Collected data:
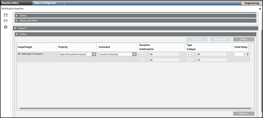 - Open the Output expander and then click the Action expander.
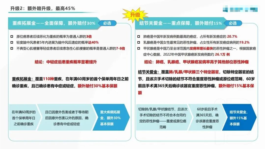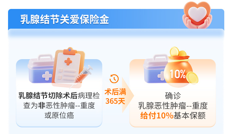 甲状腺、乳腺结节手术(非恶性/原位癌)后,1年确诊对应癌症也能多赔10%。
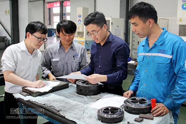 王春留(右二)正在和同事研讨问题
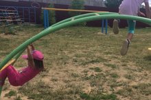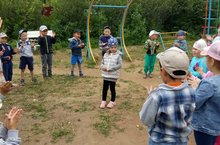 Спорт мәйданчыгында балалар физкультура белән бик теләп шөгыльләнәләр.
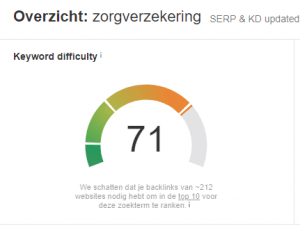 Hierboven hadden we het kort over het erg competitieve zoekwoord ‘Zorgverzekering’. Niet geheel verrassend scoort dit zoekwoord dus ook erg hoog in moeilijkheidsgraat. Om vanaf de 3e pagina naar de 1e te komen gaat je al, naar schatting, 212 backlinks kosten. Laat staan de eerste plek!
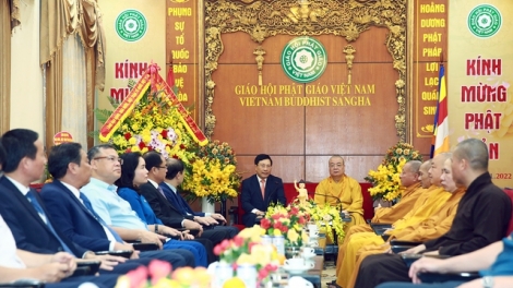 (VOVWORLD) -适值佛历2566年佛诞节,11日上午,越南政府常务副总理范平明在河内探望越南佛教协会中央委员会领导人、僧尼和佛教信徒并向他们致以节日祝贺。
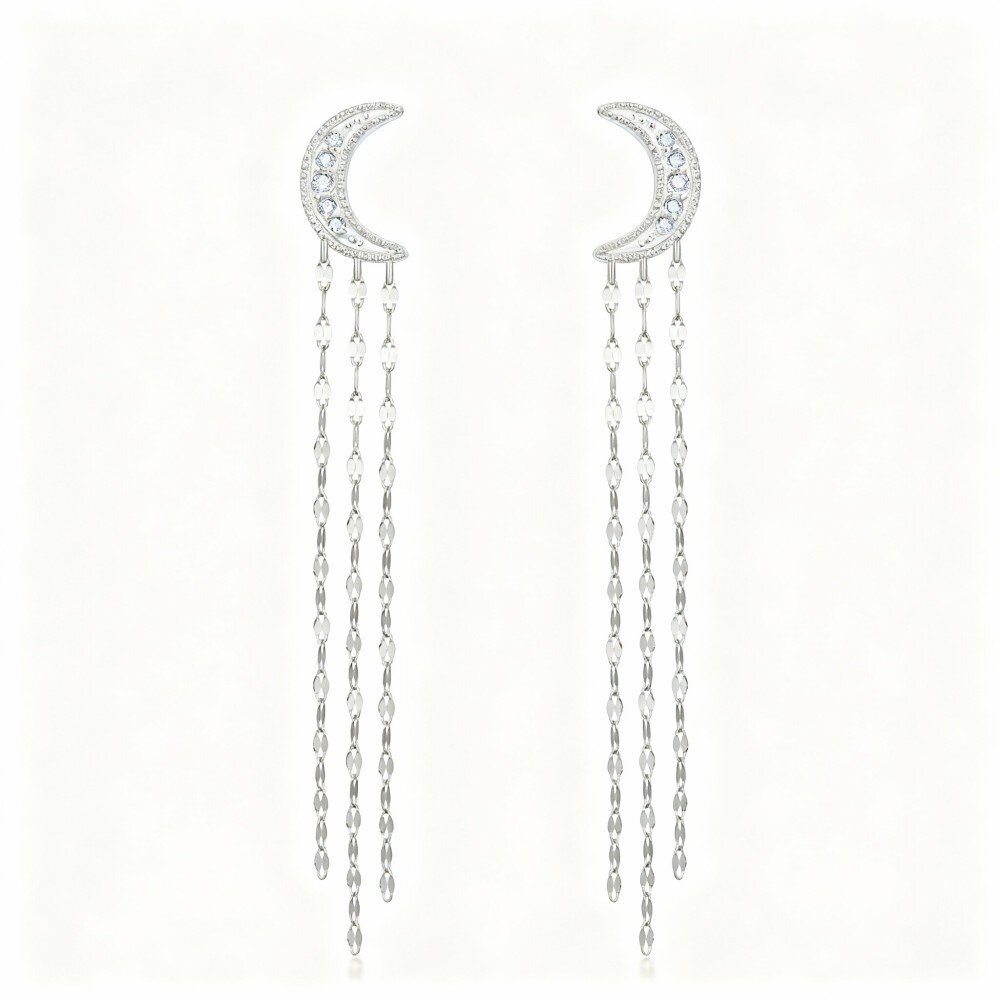 عززي جمالك مع أقراطنا المذهلة من ال10K الذهب ابيض على شكل قطرات القمر، والتي تتميز بأحجار المويزانيت اللامعة وتصميم القمر الأنيق.
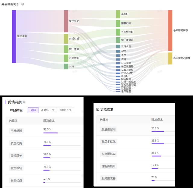 在用户回购原因方面,反馈主要从使用体验(42%)、外观材质(19%)、做工质量(14%)、产品性能(14%)与尺码(11%)5个方面共同构成核心驱动力,其中“手感好、穿戴舒服、外观材质好”是用户正向产品体验的主要原因。
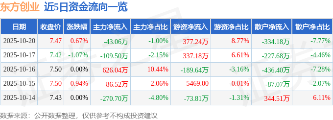 证券之星消息,截至2025年10月20日收盘,东方创业(600278)报收于7.47元,上涨0.67%,换手率0.66%,成交量5.78万手,成交额4300.72万元。
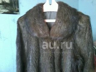 Шуба из нутрии, размер 52-56, цвет полосами коричневый с желтоватым оттенком, длина от плеча 117 см, длина от нижней проймы рукава 88 см.
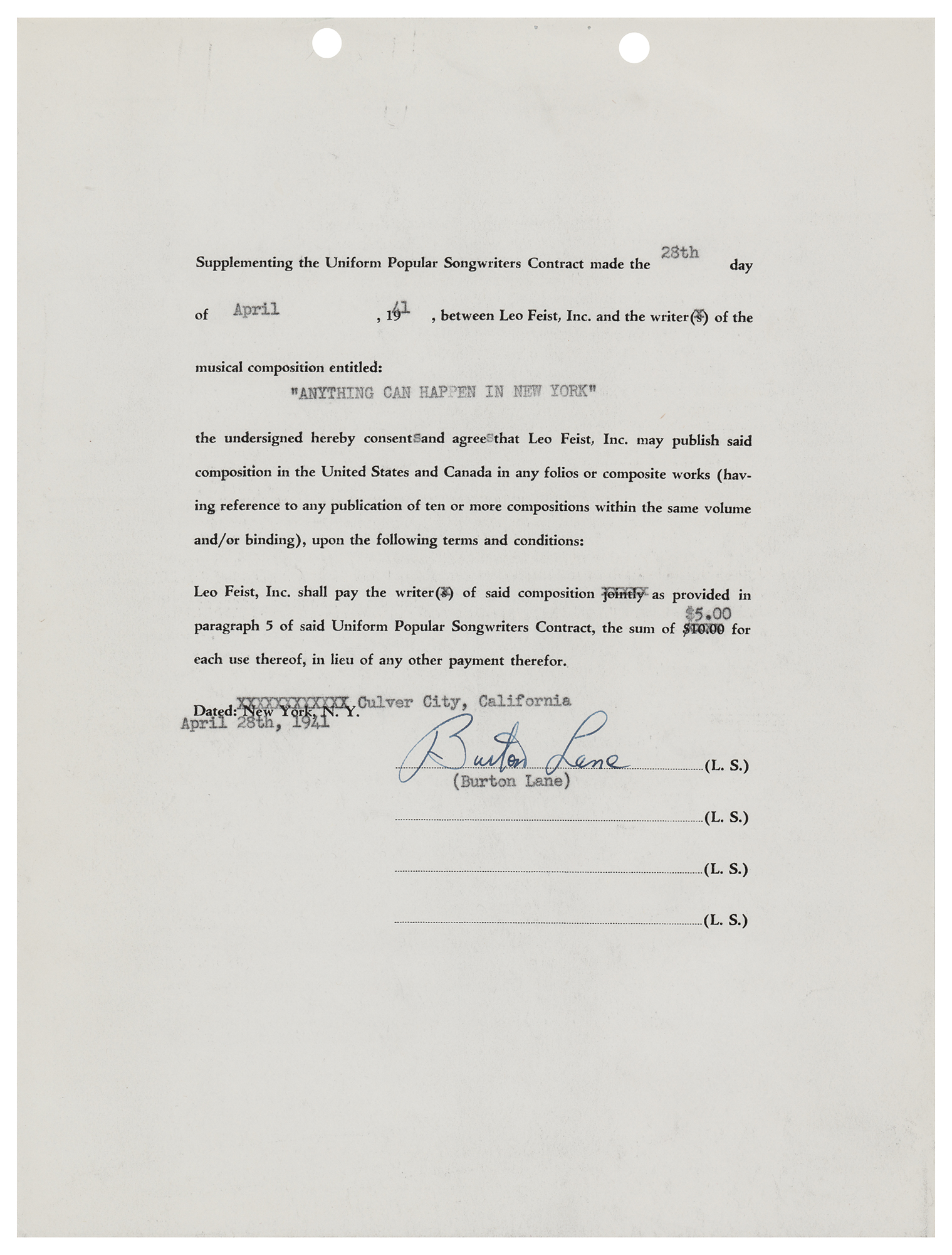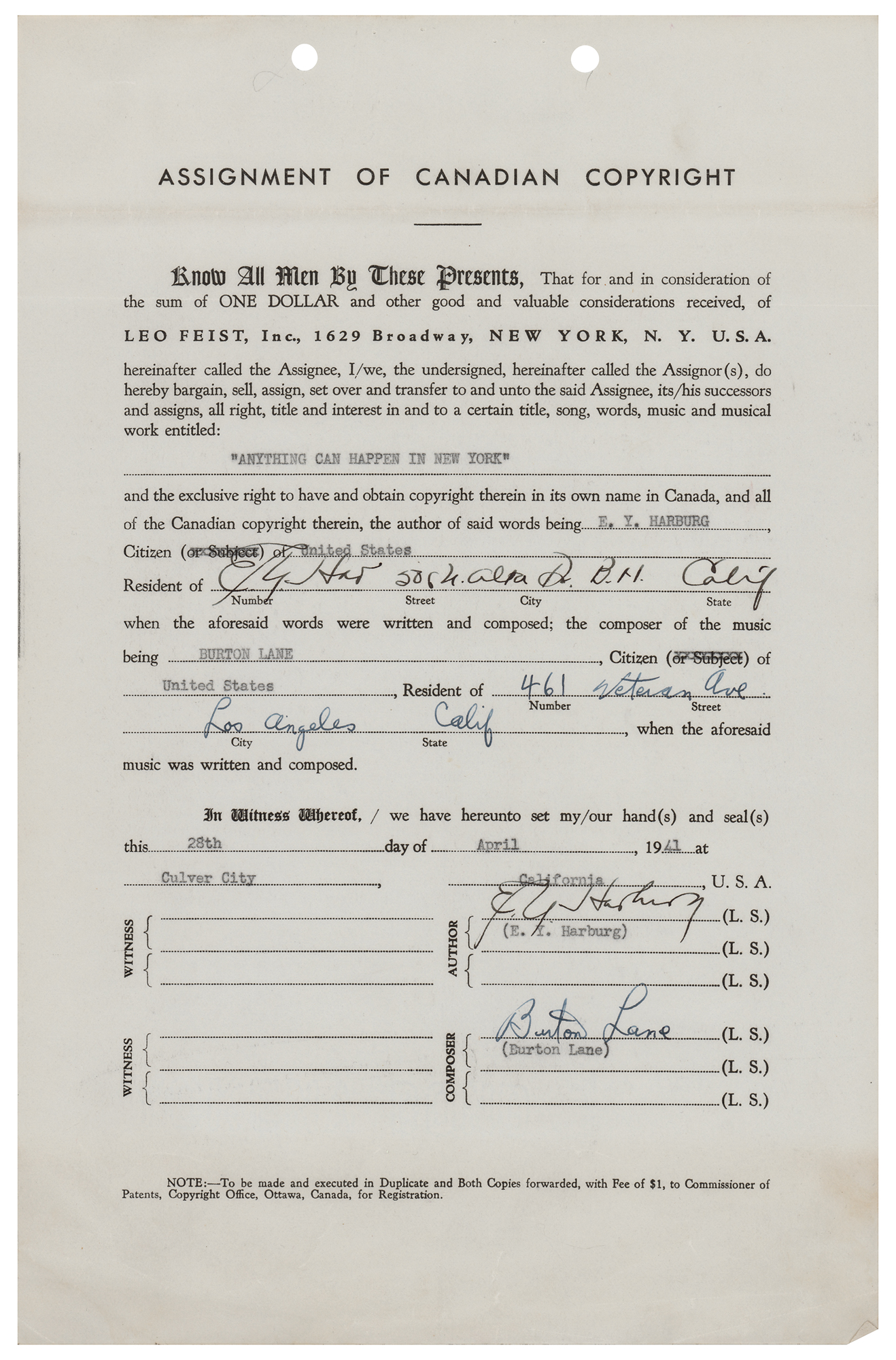 DS, two pages, 8.5 x 13, April 28, 1941. Assignment of Canadian copyright document by which Harburg and Lane assign the rights to 'Anything Can Happen in New York' to music publisher Leo Feist, Inc. In the body of the document, Harburg writes his address, "E. Y. Har, 5064 Alta Dr. B. H. Calif," and Lane follows suit writing, "461 Western Ave, Los Angeles, Calif." Both sign in fountain pen at the conclusion of the first page, and Lane signs again on the second. In fine condition, with light creasing to the bottom.

INSTRUCTIONS FOR THE TASK:
All pictures must be left out. Reproduce exactly the lines from the one containing "Шуба из нутрии, размер" to the final line of the entries.

YOUR RESPONSE:
 Шуба из нутрии, размер 52-56, цвет полосами коричневый с желтоватым оттенком, длина от плеча 117 см, длина от нижней проймы рукава 88 см.
 DS, two pages, 8.5 x 13, April 28, 1941. Assignment of Canadian copyright document by which Harburg and Lane assign the rights to 'Anything Can Happen in New York' to music publisher Leo Feist, Inc. In the body of the document, Harburg writes his address, "E. Y. Har, 5064 Alta Dr. B. H. Calif," and Lane follows suit writing, "461 Western Ave, Los Angeles, Calif." Both sign in fountain pen at the conclusion of the first page, and Lane signs again on the second. In fine condition, with light creasing to the bottom.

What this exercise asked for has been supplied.